Sunday, March 20, 2005

Mortgage rates rise again - signaling a cooling market

Associated Press

WASHINGTON - Rates on 30-year mortgages climbed last week to their highest level in seven months, a trend that is expected to slow - but not stifle - the nation's housing market.

Mortgage giant Freddie Mac, in its weekly survey of mortgage rates across the country, reported that rates on 30-year, fixed-rate mortgages averaged 5.95 percent for the week ending March 17.

The rate was up from 5.85 percent a week earlier and was the highest since the week ending Aug. 5, when rates averaged 5.99 percent.

Analysts said the recent pickup in mortgage rates reflects concerns in financial markets that high oil prices may touch off inflation.

Even with the recent increases, mortgage rates are still low by historical standards, analysts said.

Freddie Mac is forecasting that rates on 30-year mortgages will rise to around 6.25 percent by the end of the year.

Low mortgage rates have powered sales of both new and existing homes to record highs for four straight years.

Rates on 15-year, fixed-rate mortgages, a popular option for refinancing, rose to 5.47 percent, up from 5.38 percent last week.

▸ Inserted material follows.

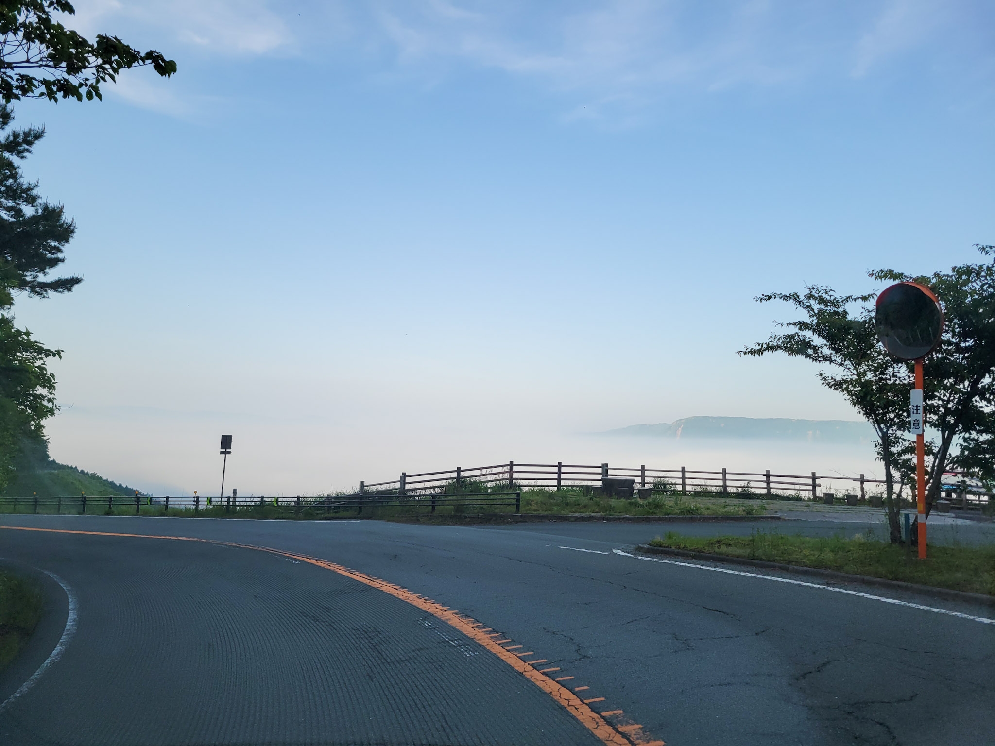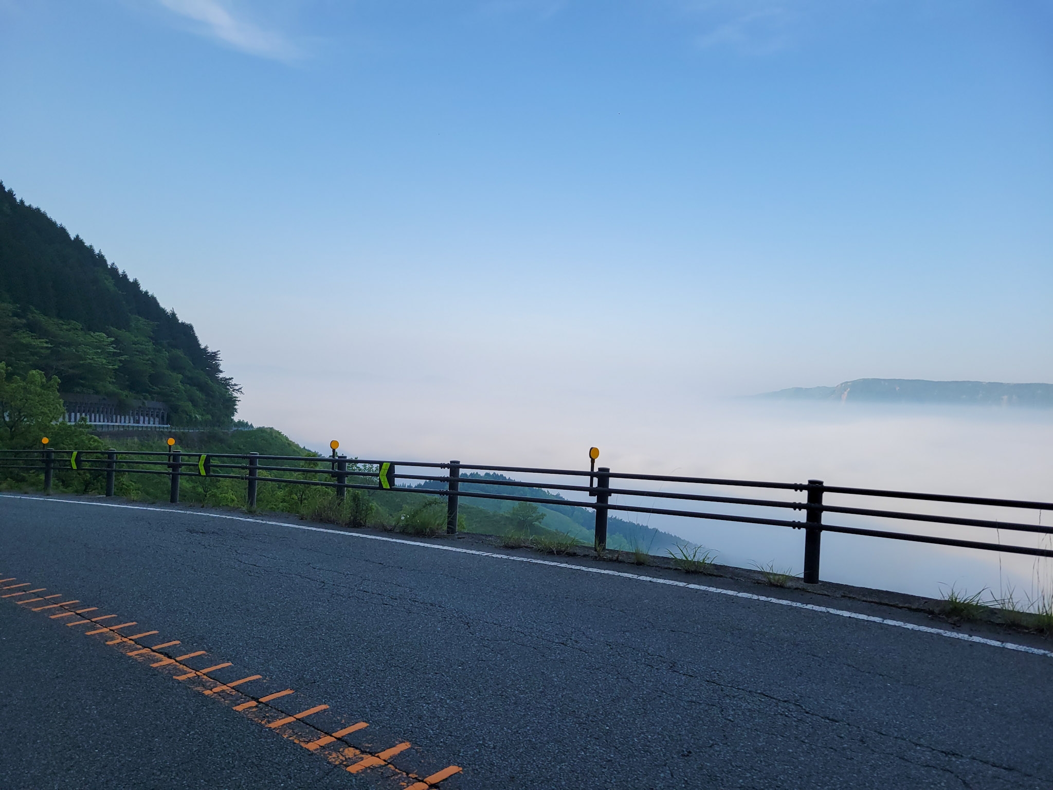 朝起きて、窓の外が霧がかってたので、これは雲海だろう。

Five-year hybrid adjustable-rate mortgages averaged 5.31 percent, up from 5.22 percent. Hybrid mortgages have a fixed-rate for five years and then adjust each year after that.

Rates on one-year adjustable-rate mortgages, meanwhile, dipped to 4.20 percent, from 4.24 percent.

The nationwide averages for mortgage rates do not include add-on fees known as points. Thirty-year mortgages, 15-year mortgages and five-year ARMs each carried a fee of 0.7 point. The one-year ARM had a financing fee of 0.8 point.

A year ago, 30-year mortgages averaged 5.38 percent, 15-year mortgages were at 4.69 percent and one-year ARMs averaged 3.39 percent. Freddie Mac does not have historical data on the five-year ARM because it began tracking that mortgage this year.